Есть ещё такой пример - триплетная периодичность генов - достоверная корреляция с RNY-периодичностью когда-то рассматривалась как неизменившаяся с древности структура. В действительности же потом было показано, что рандомизация давно бы её разрушила. А этот "след" образовался вновь.
Поэтому восстановеление структуры - вполне обычный процесс, и я бы не стал его прослеживать как неизменный на миллиарды лет.
Насчёт именно потери генов не согласен. Дело в том, что в том конкретном расчёте приведён итог, как раз с учётом и приобретений, и потерь.
Безусловно такой фактор может иметь место. Но это возражение общего плана - использовали не тот алгоритм в биоинформатике, а нужен некий другой, но не уточняется какой точно.
Я согласен с тем, что от алгоритма очень сильно зависит. Но рассмотрение обоснований этого вопроса - очень очень обширная и очень непростая тема, которую трудно обсудить с ходу. Конечно же не исключаю возможность поправки. И уточнения наверно будут или уже есть.
Обещанную статью, где, кроме всего прочего, рассматривается механизм образования новых суперсемейств генов наконец-то написал и выставил.
Во-первых, интресно было бы обсудить, почему именно в такой последовательности, во вторых - а почему, собственно, штаммы с мутировавшей рибосомой, ДНК-полимеразой и т.д. не считать отдельными видами?

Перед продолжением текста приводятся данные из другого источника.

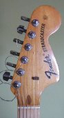 最初に買ったストラトです。オクタ−ブチューニングが合わないので、ブリッジ部分のボディを削ってブリッジを後ろに下げたのですが、いい加減にやったので表面が割れてしまいました。フェンダー弦の紙袋のフェンダーロゴを切り取ってヘッドに貼っています。実にきたないギターですが大事なものです。
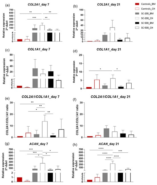The pore size appeared to influence the expression of ACAN on day 7 (Figure 6g); in chondrogenic medium, 200 µm pore size promoted a significantly higher expression of aggrecan (260-fold) in comparison to the 2D controls in BM (p < 0.001) and CH (downregulated) (p < 0.0001) and SC-500 in BM (p < 0.01) and in CH (p < 0.01). Interestingly, on day 7, ACAN expression was upregulated on both SC-200 (85-fold) and SC-500 (47-fold), even without the addition of chondrogenic growth factors (p > 0.05). ACAN expression decreased between days 7 and 21 for cells on all the scaffold, but the difference was not significant (p > 0.05) (Figure S2f). Finally, no statistical difference was calculated between the different groups on day 21 (p > 0.05) (Figure 6h).
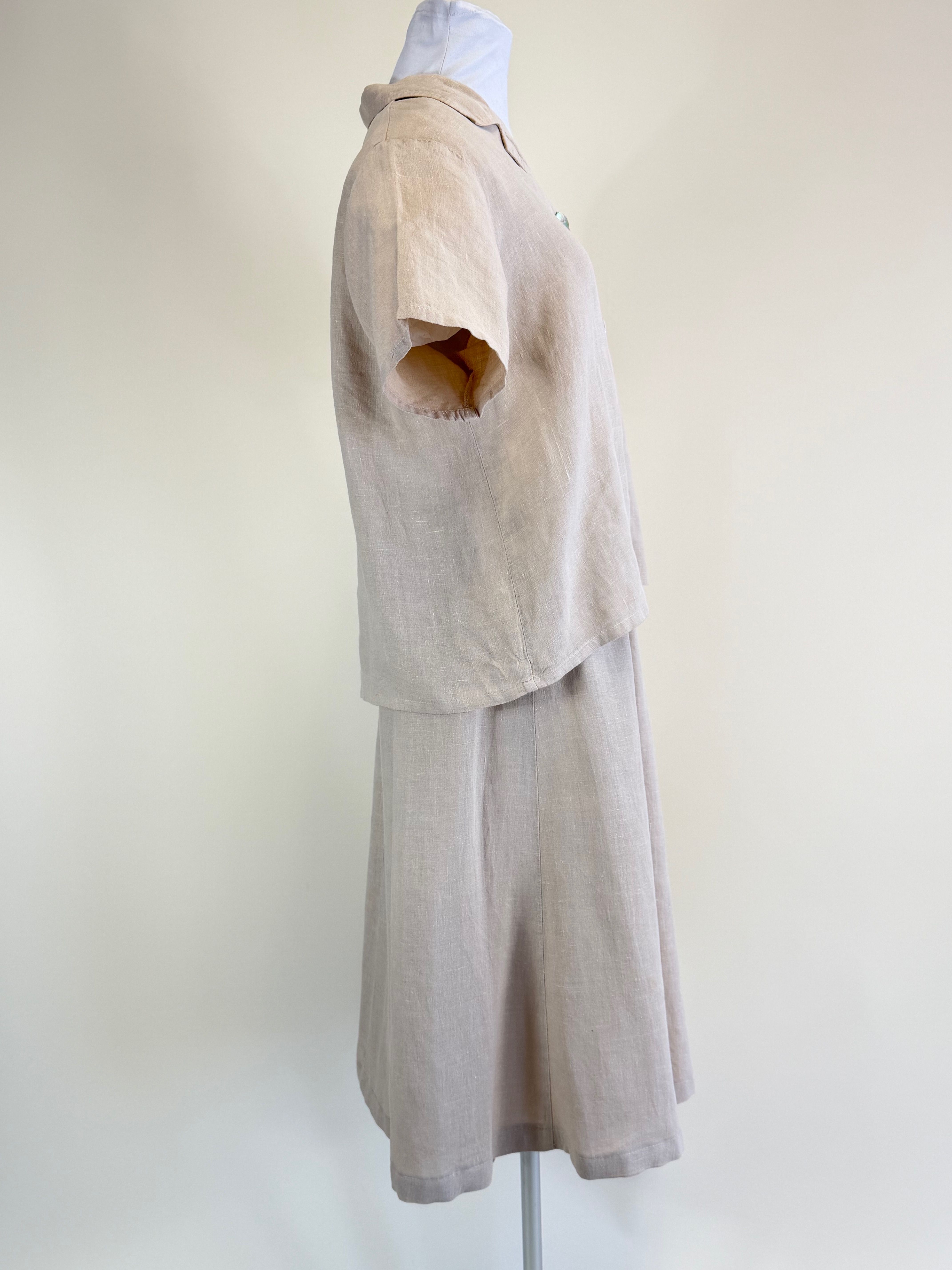 Vintage Ecru Linen 2-Piece Ensemble
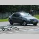 Пошкоджено велосипед і автомобіль. Водій авто (на фото – у блакитній майці з татуюванням) впевнений у власній правоті і в тому ж обурено переконував присутніх.
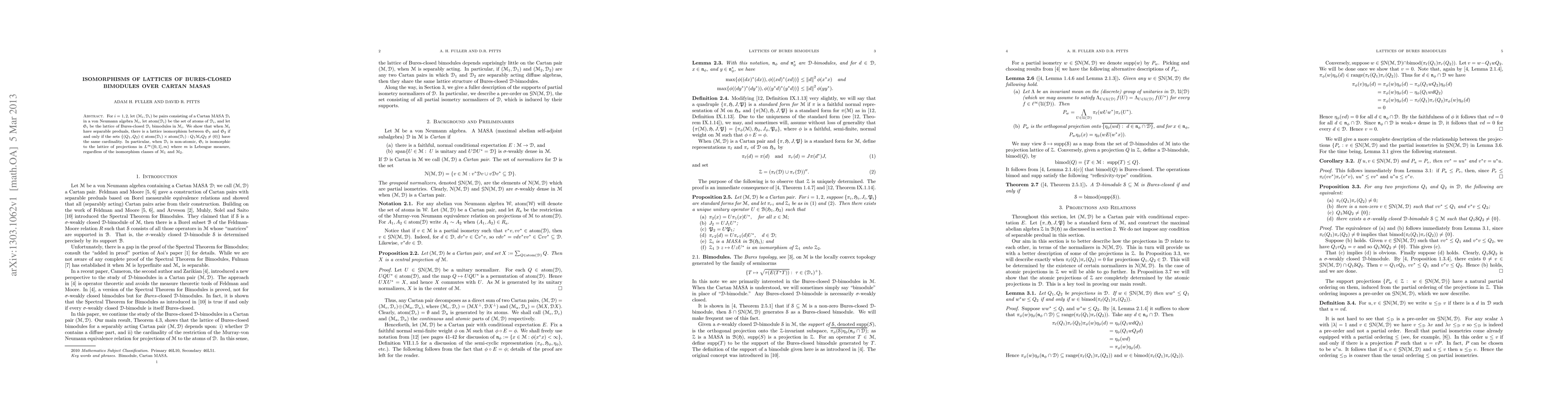 For i=1,2, let (M_i,D_i) be pairs consisting of a Cartan MASA D_i in a von Neumann algebra M_i, let atom(D_i) be the set of atoms of D_i, and let S_i be the lattice of Bures-closed D_i bimodules in M_i. We show that when M_i have separable preduals, there is a lattice isomorphism between S_1 and S_2 if and only if the sets {(Q_1, Q_2) \in atom(D_i) x atom(D_i): Q_1 M_i Q_2 \neq (0)} have the same cardinality. In particular, when D_i is non-atomic, S_i is isomorphic to the lattice of projections in L^\infty([0,1],m) where m is Lebesgue measure, regardless of the isomorphism classes of M_1 and M_2.
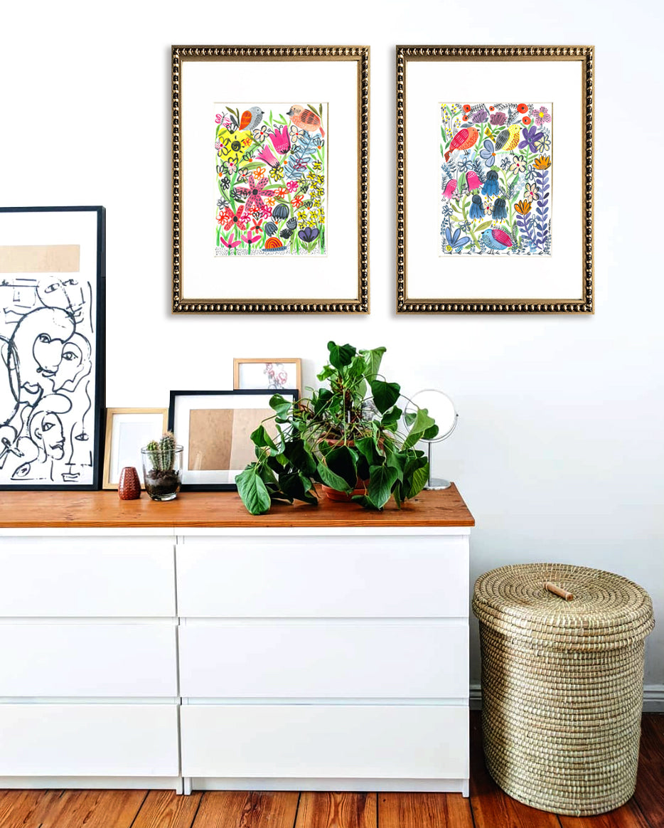 Pareja de 2 cuadros de pajaritos en jardines de colores, paspartú blanco y marco de madera con perlas dorado.
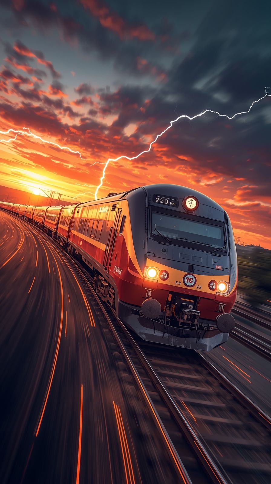 PROMPT: cinematic YouTube thumbnail of Vande Bharat Express train racing at extreme speed, long train with 15 coaches visible, dramatic sunset sky with lightning, fire sparks on railway track, motion blur speed lines, futuristic speedometer showing 220+ km/h, ultra detailed, vibrant colors, high contrast, glowing effects, dramatic perspective, railway curve aerial view, professional YouTube thumbnail style, 16:9
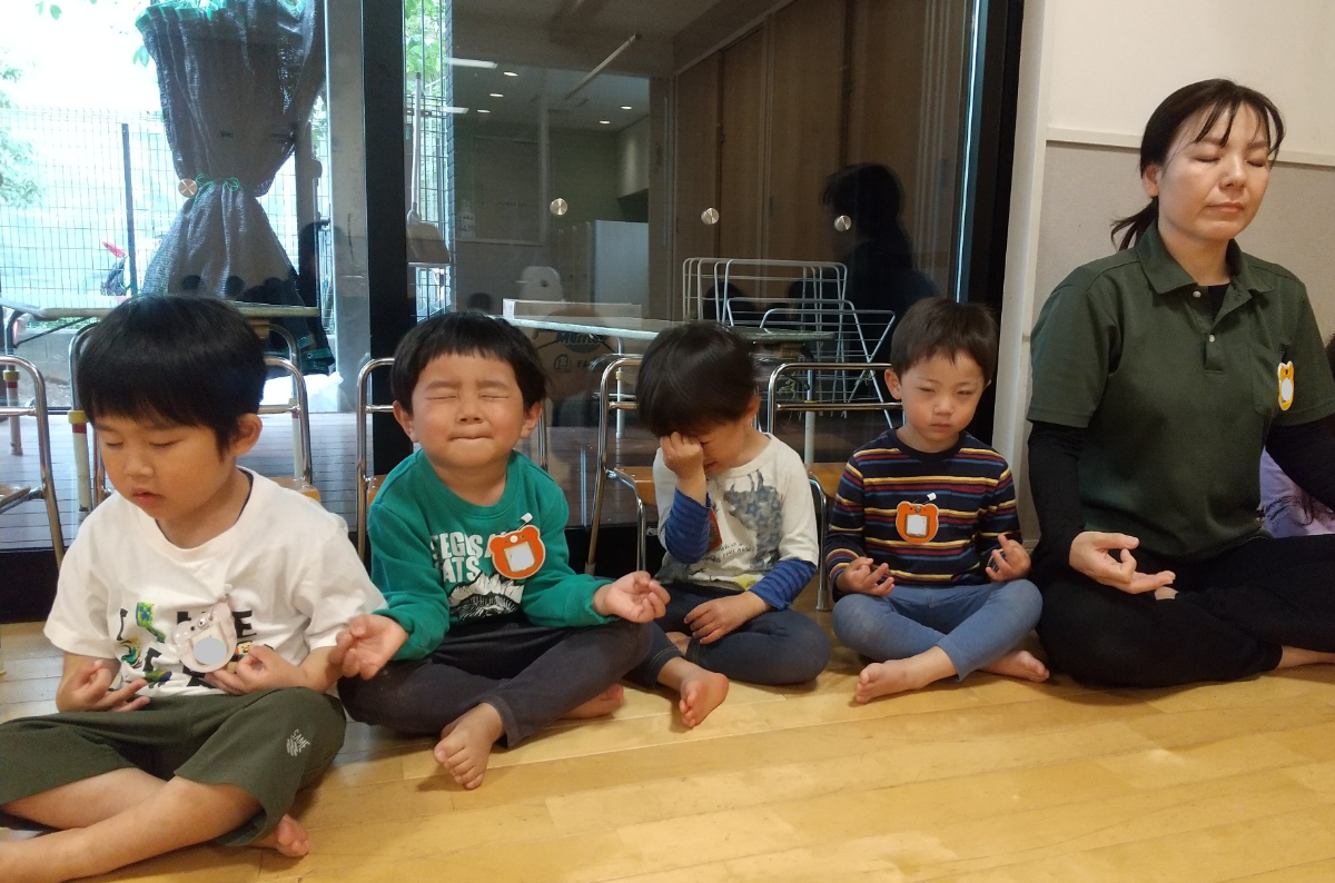 5歳児が見本となり、年下の子たちも真似をしようとあぐらをかいて一生懸命ぎゅっと目を閉じている子や、目をうっすら開けてみんなの様子を見たりする子などかわいらしい姿が毎朝見られています。
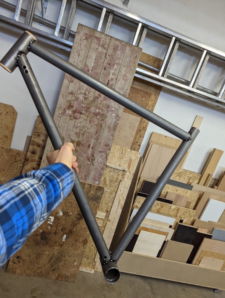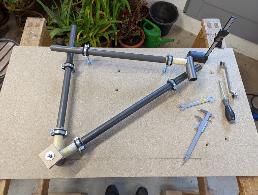 Das vordere Rahmendreieck.Gefeilt, gedreht, gefräst und zusammengeheftet.
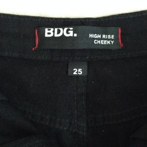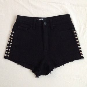 High-Rise denim cutoff short topped with metal come studs along sides. Cut super short and angled. Touch of spandex for stretch. 5 pocket styling. Frayed hem and high rise zip fly. Purchased at Urban Outfitters. Only worn once. In perfect condition. Original Price $69 Asking Price $30
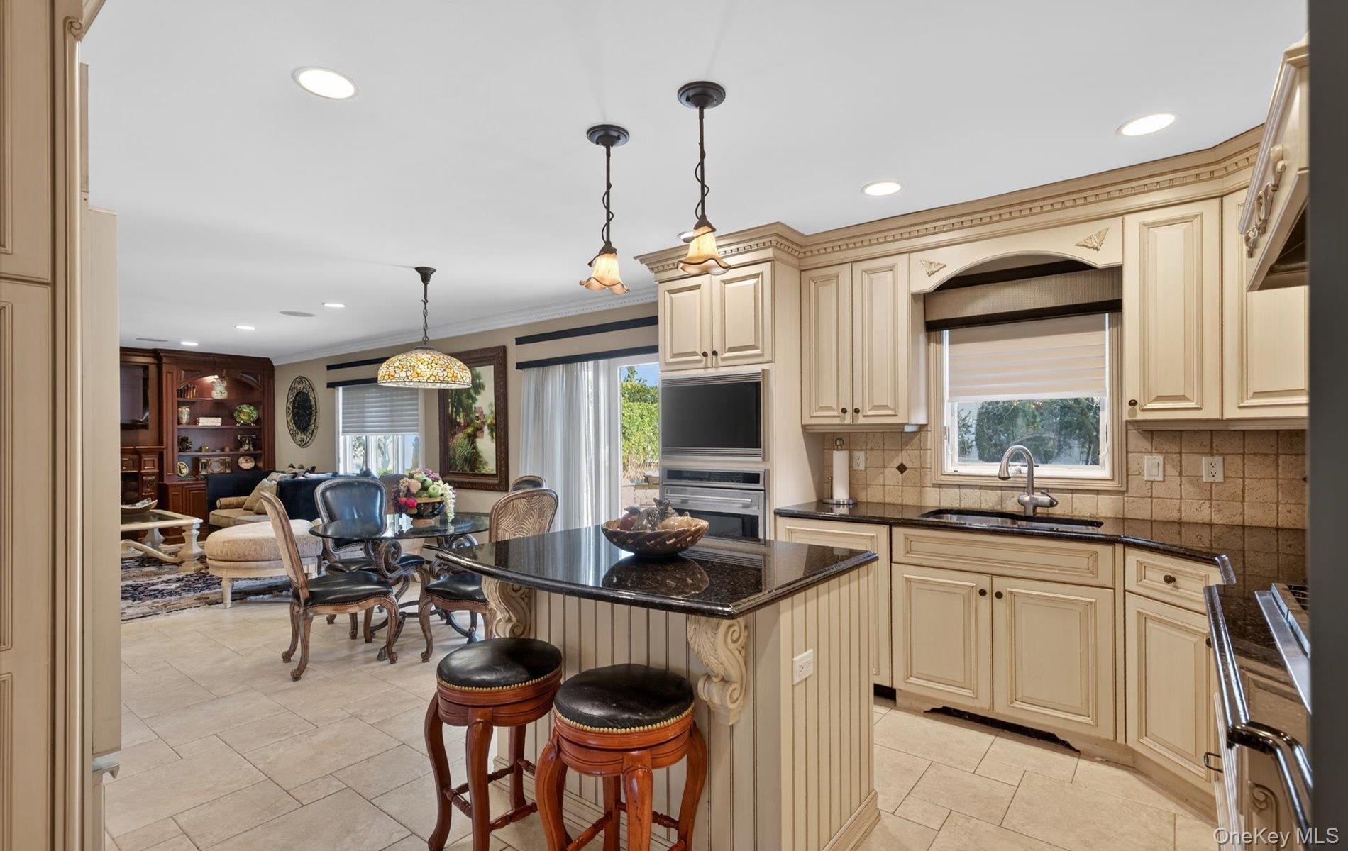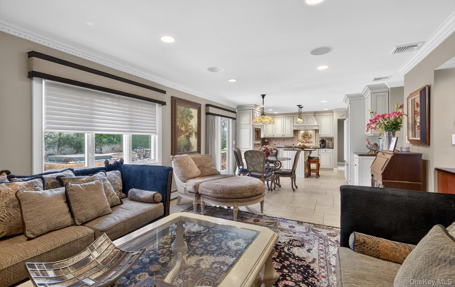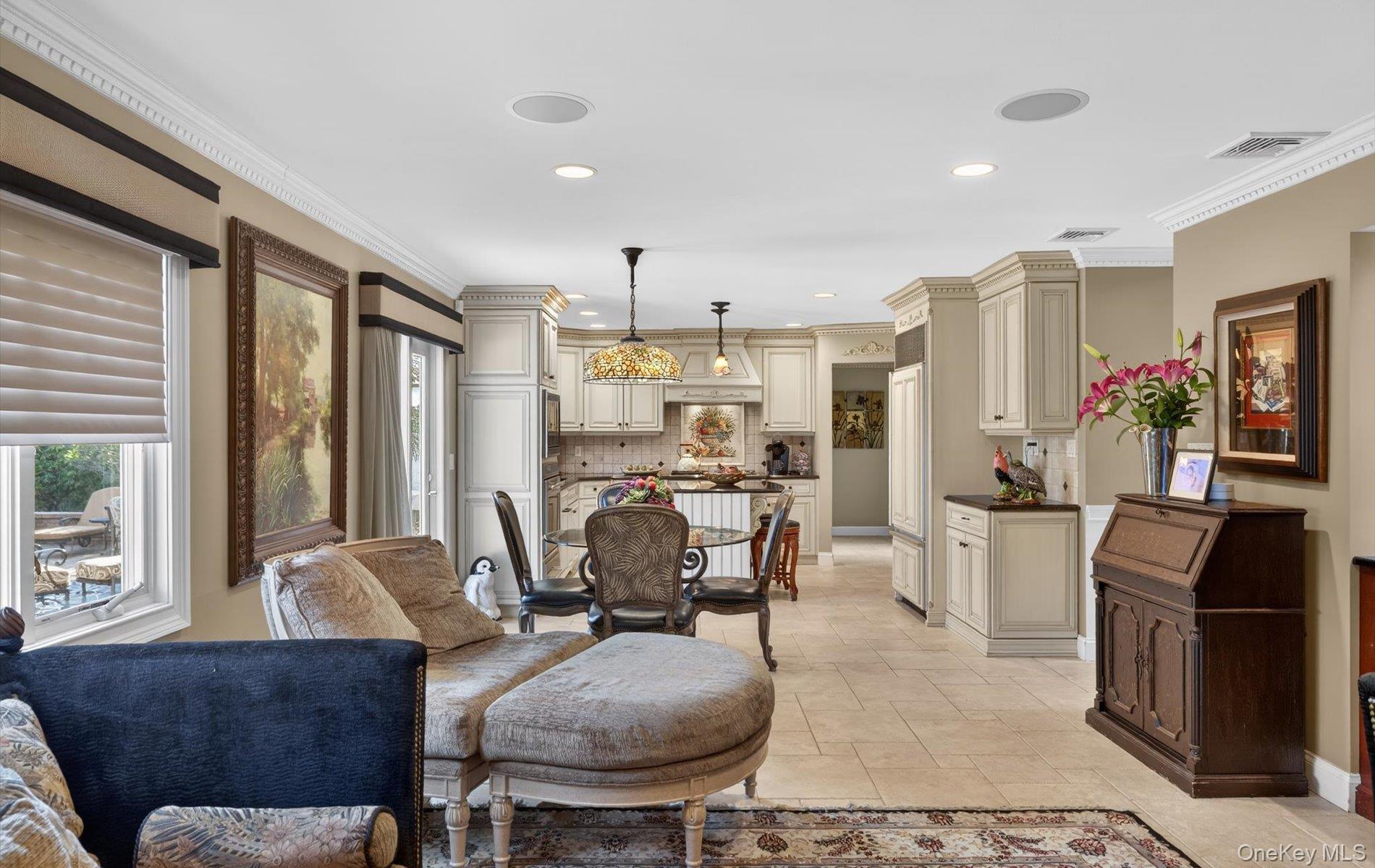PRISTINE, One-of-a-Kind 5-Bedroom Colonial in Country Woods! This beautifully designed home blends timeless elegance with modern-day comfort, offering a truly elevated living experience. From the moment you enter, the grand two-story foyer with soaring ceilings creates a stunning first impression and sets the tone for the refined finishes found throughout, including detailed wainscoting and custom window treatments that add sophistication to every room. At the center of the home is a newly updated, custom chef’s kitchen featuring rich granite countertops, high-end stainless steel appliances, and sleek recessed lighting — perfectly designed for both everyday living and entertaining. The inviting family room showcases custom-built cabinetry, adding warmth, character, and functional living space. A dramatic staircase with custom iron railings further highlights the craftsmanship and attention to detail that make this home stand out. The primary suite offers a peaceful retreat with a beautifully renovated full bathroom and an oversized custom walk-in his-and-hers closet. Every inch of this home has been thoughtfully curated with custom finishes and design elements that enhance both style and practicality. Step outside to a private, resort-style setting — a meticulously landscaped backyard perfect for relaxing or entertaining. Enjoy outdoor gatherings with the built-in BBQ. The fully paved driveway adds an additional layer of curb appeal and convenience. Located in the heart of Country Woods community with Commack Schools, this exceptional home offers luxury, comfort, and detail at every turn. Truly a rare opportunity — schedule your private showing today!

Например, актинобактерии у них получились расположенными очень далеко от клостридий, в то же время, из целого ряда независимых методов следует выбод, что это близкродственные группы!
Модель довольно детально описана у Карла Вуза - в модели генетического отжига (PNAS), где он рассматривает последовательное увеличение коровой части при вертикальной наследственности.
Первое, что сразу приходит в голову - а не следствие ли это ГПГ?
Woese C.R. The universal ancestor. // Proc. Nat. Acad. Sci. USA. 1998. V.95. P.6854-6859.Журнал есть в открытом доступе.
Аналогично системы репликации ДНК между эубактериями и археоэукариотной ветвями также существенно различаются, причем нет свидетельств горизонтального обмена генами систем репликации между этими двумя ветвями.